**Exercise goal**
The following data needs to be repeated exactly, with all images excluded.

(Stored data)
= Beginning of Section =

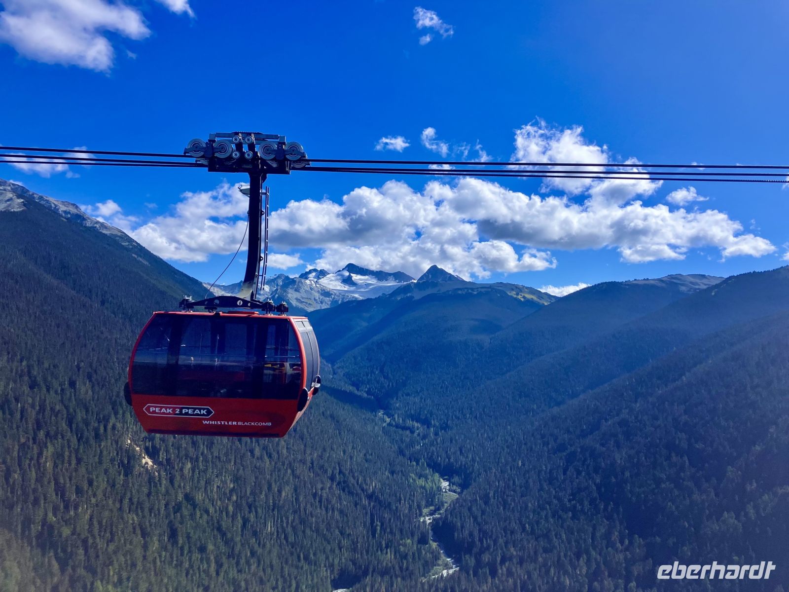 Guten Morgen in Whistler. Es gibt ein paar tiefhaengende Wolken vor der Sonne, es regnet nicht, so ein riesen Glueck ! Fruehstueck gibt es heute in einem nahegelegenen Restaurant. Heute gibt es Ei Benedikt und sie schmecken wirklich sehr gut. Der Capuccino oder Latte sind auch koestlich, endlich wieder einen Kaffee wie daheim. Gestaerkt gehen wir nun die 8 Minuten ins obere Dorf am Fusse des Blackcomb Mountain. Alsobald werden wir mit Tageskarten bestueckt und auf gehts zur Blackcomb Gondola. Mit dieser neuen Gondel schweben wir hinauf. Da gibt es auch einen Zwischenhalt und wir wollen natuerlich gleich aussteigen, ahhh nein, Elisabeth hat doch gesagt, wir sollen sitzen bleiben bis wir ganz oben auf dem Berg sind. Ploetzlich ist aus mit der Sicht, wir sind in der Wolke....grosse Freude kommt jedoch auf, wenn wir oben sind, praechtiger blauer Himmel erwartet uns auf Blackcomb Mt.
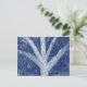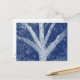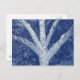 A photo of a tree with fanned out forked branches with a cyanotype effect.
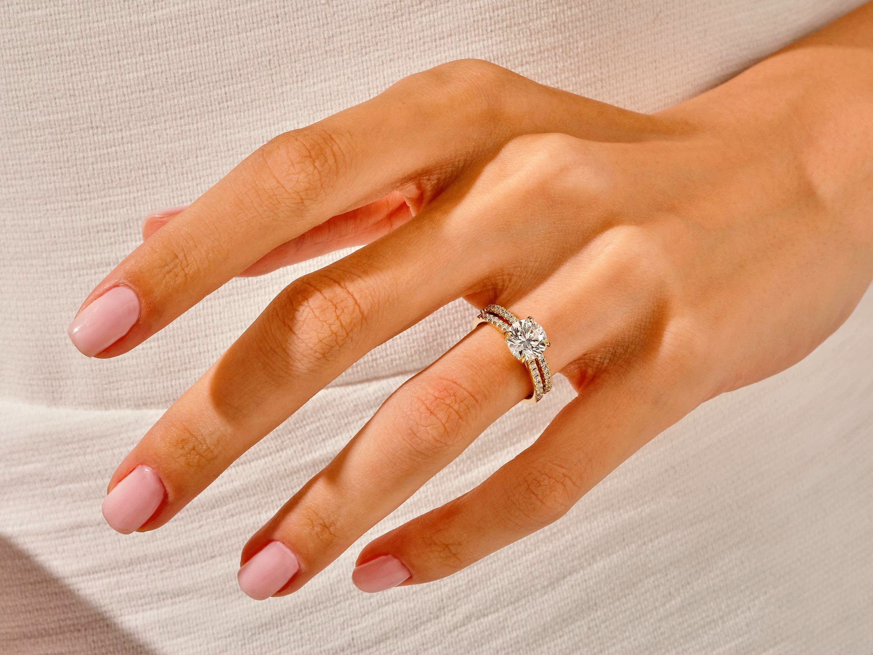 Round Moissanite Engagement Ring: The centerpiece of this engagement ring is a round moissanite, renowned for its exceptional brilliance and classic appeal. The round cut enhances the stone's natural sparkle, creating a breathtaking focal point.
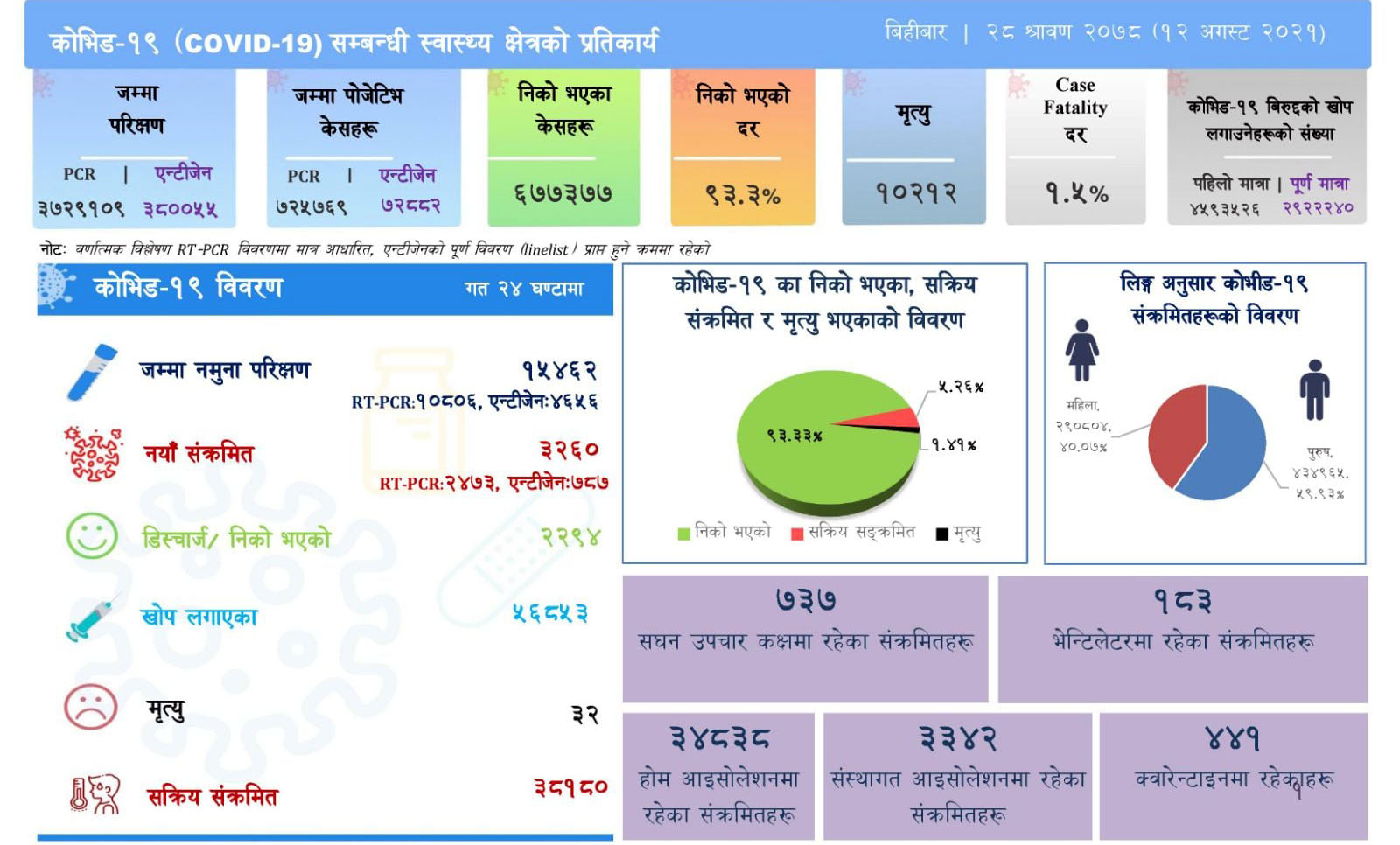 थपिए ३,२६० संक्रमित, ३२ जनाको मृत्यु
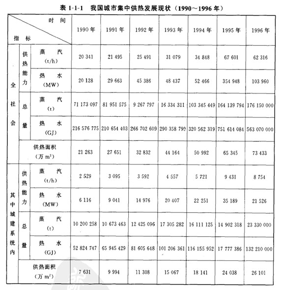 我國城市集中供熱(僅指有集中熱源.通過管通愉送熱煤的傳熱系統(tǒng))發(fā)展很快,詳見表1-1-1。
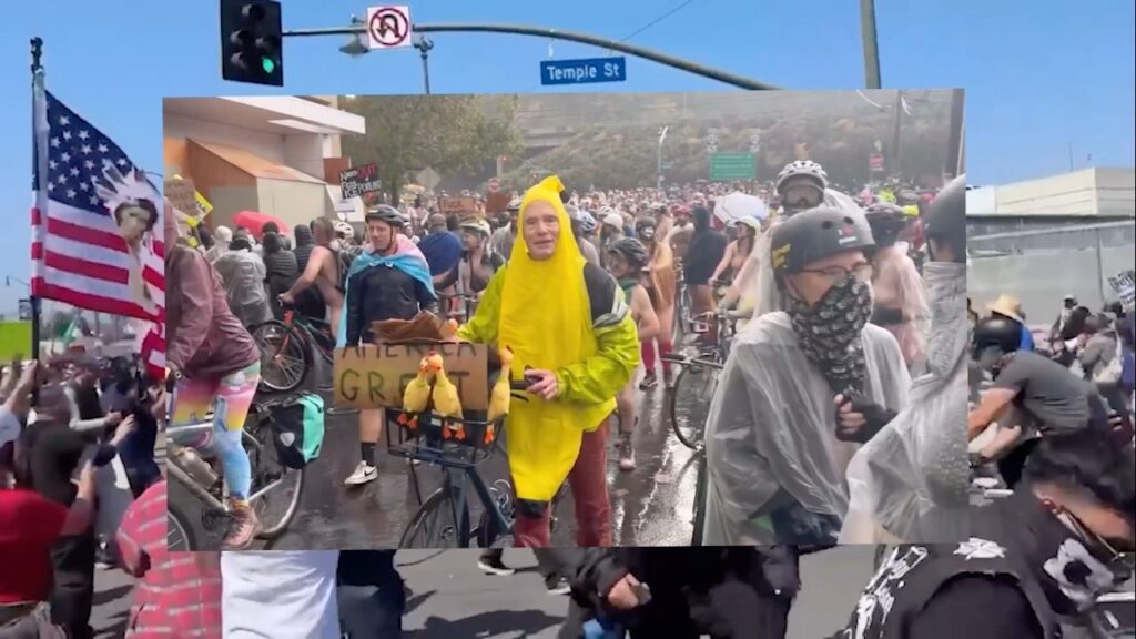 Of Ice(age), a 24-minute video remediation of ICE depredations, garnered from entrenched reporters witnessing it live. There is a soundtrack from the composers Space Time Solutions and a mashup of footage from Alcatraz Island, resistance at farms, cities, inflatable costumes, and hardware store parking lots.
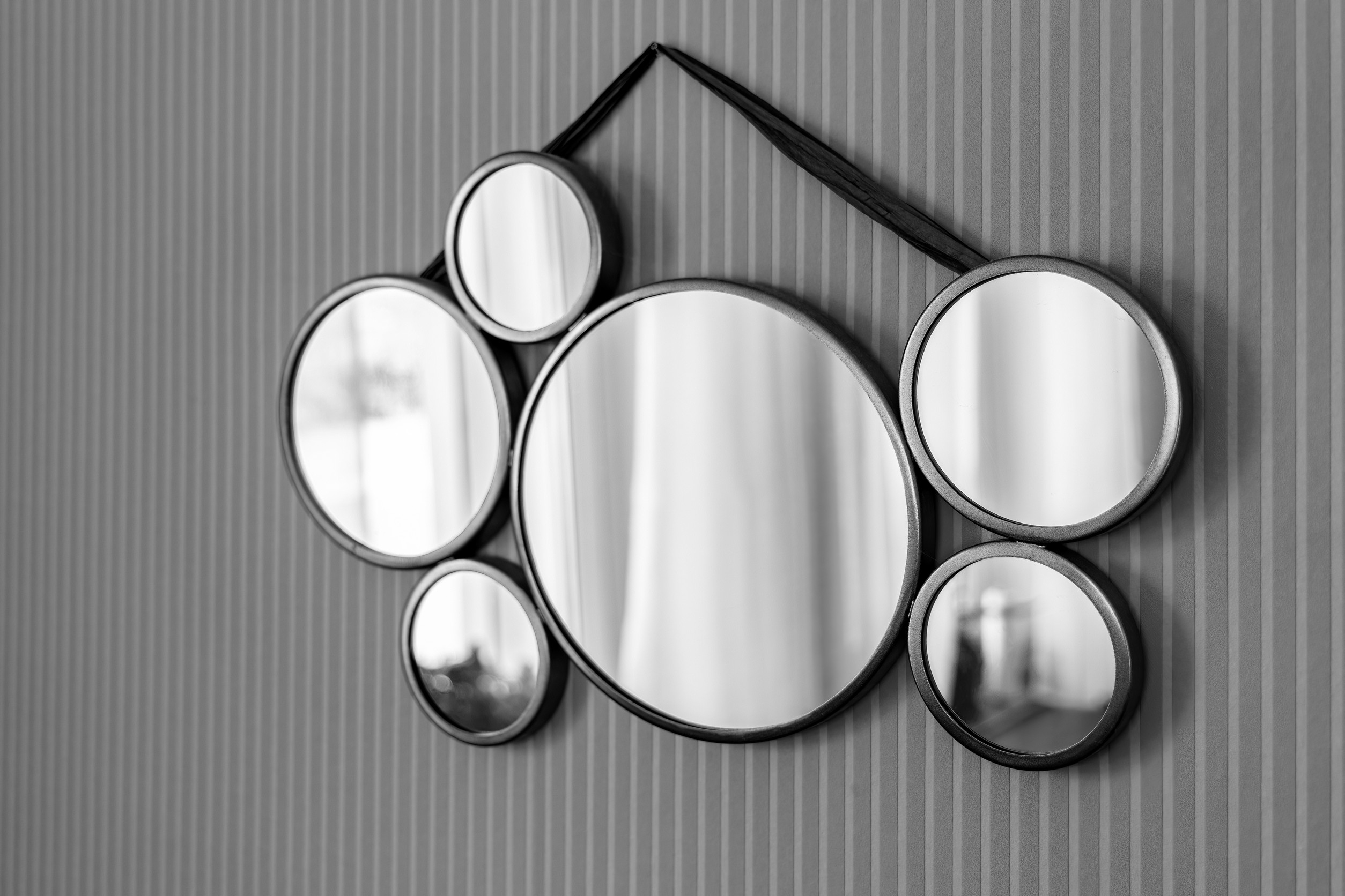 Mirrors are an instant way to make a space look larger and more expensive. Create your own with inexpensive round mirrors and decorative wood or metal trims. You can even repurpose an old frame, spray-paint it gold or silver, and add the mirror to create a custom, high-end feel.
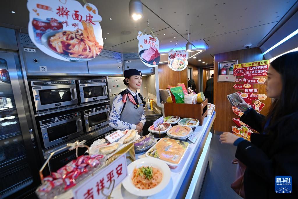 1月5日,担当陕港列车值乘任务的“长安之馨”西港乘务人员为旅客介绍餐车服务情况。新华社
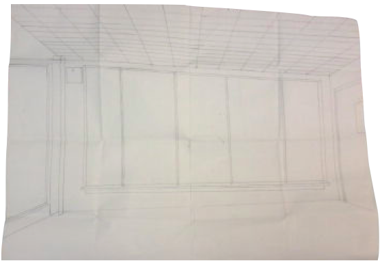 We started this project with practicing drawing regular 3-dimensional boxes, and using the middle of the page as our point of perspective where everything will eventually meet up in the room. Then I looked at weather each of the objects that I drew in the room has a part that sticks out or that comes out of the wall because I have to make it look 3-dimensional. I drew the part that would be apart of the wall so basically the 2-dimensional stuff, then added the 3-dimensional things <the things that has to look like its jumping off the page. I did this by Making lines meet up at the point of perspective, the center of the page.

= End of Section =

**Your solution**
 Guten Morgen in Whistler. Es gibt ein paar tiefhaengende Wolken vor der Sonne, es regnet nicht, so ein riesen Glueck ! Fruehstueck gibt es heute in einem nahegelegenen Restaurant. Heute gibt es Ei Benedikt und sie schmecken wirklich sehr gut. Der Capuccino oder Latte sind auch koestlich, endlich wieder einen Kaffee wie daheim. Gestaerkt gehen wir nun die 8 Minuten ins obere Dorf am Fusse des Blackcomb Mountain. Alsobald werden wir mit Tageskarten bestueckt und auf gehts zur Blackcomb Gondola. Mit dieser neuen Gondel schweben wir hinauf. Da gibt es auch einen Zwischenhalt und wir wollen natuerlich gleich aussteigen, ahhh nein, Elisabeth hat doch gesagt, wir sollen sitzen bleiben bis wir ganz oben auf dem Berg sind. Ploetzlich ist aus mit der Sicht, wir sind in der Wolke....grosse Freude kommt jedoch auf, wenn wir oben sind, praechtiger blauer Himmel erwartet uns auf Blackcomb Mt.
 A photo of a tree with fanned out forked branches with a cyanotype effect.
 Round Moissanite Engagement Ring: The centerpiece of this engagement ring is a round moissanite, renowned for its exceptional brilliance and classic appeal. The round cut enhances the stone's natural sparkle, creating a breathtaking focal point.
 थपिए ३,२६० संक्रमित, ३२ जनाको मृत्यु
 我國城市集中供熱(僅指有集中熱源.通過管通愉送熱煤的傳熱系統(tǒng))發(fā)展很快,詳見表1-1-1。
 Of Ice(age), a 24-minute video remediation of ICE depredations, garnered from entrenched reporters witnessing it live. There is a soundtrack from the composers Space Time Solutions and a mashup of footage from Alcatraz Island, resistance at farms, cities, inflatable costumes, and hardware store parking lots.
 Mirrors are an instant way to make a space look larger and more expensive. Create your own with inexpensive round mirrors and decorative wood or metal trims. You can even repurpose an old frame, spray-paint it gold or silver, and add the mirror to create a custom, high-end feel.
 1月5日,担当陕港列车值乘任务的“长安之馨”西港乘务人员为旅客介绍餐车服务情况。新华社
 We started this project with practicing drawing regular 3-dimensional boxes, and using the middle of the page as our point of perspective where everything will eventually meet up in the room. Then I looked at weather each of the objects that I drew in the room has a part that sticks out or that comes out of the wall because I have to make it look 3-dimensional. I drew the part that would be apart of the wall so basically the 2-dimensional stuff, then added the 3-dimensional things <the things that has to look like its jumping off the page. I did this by Making lines meet up at the point of perspective, the center of the page.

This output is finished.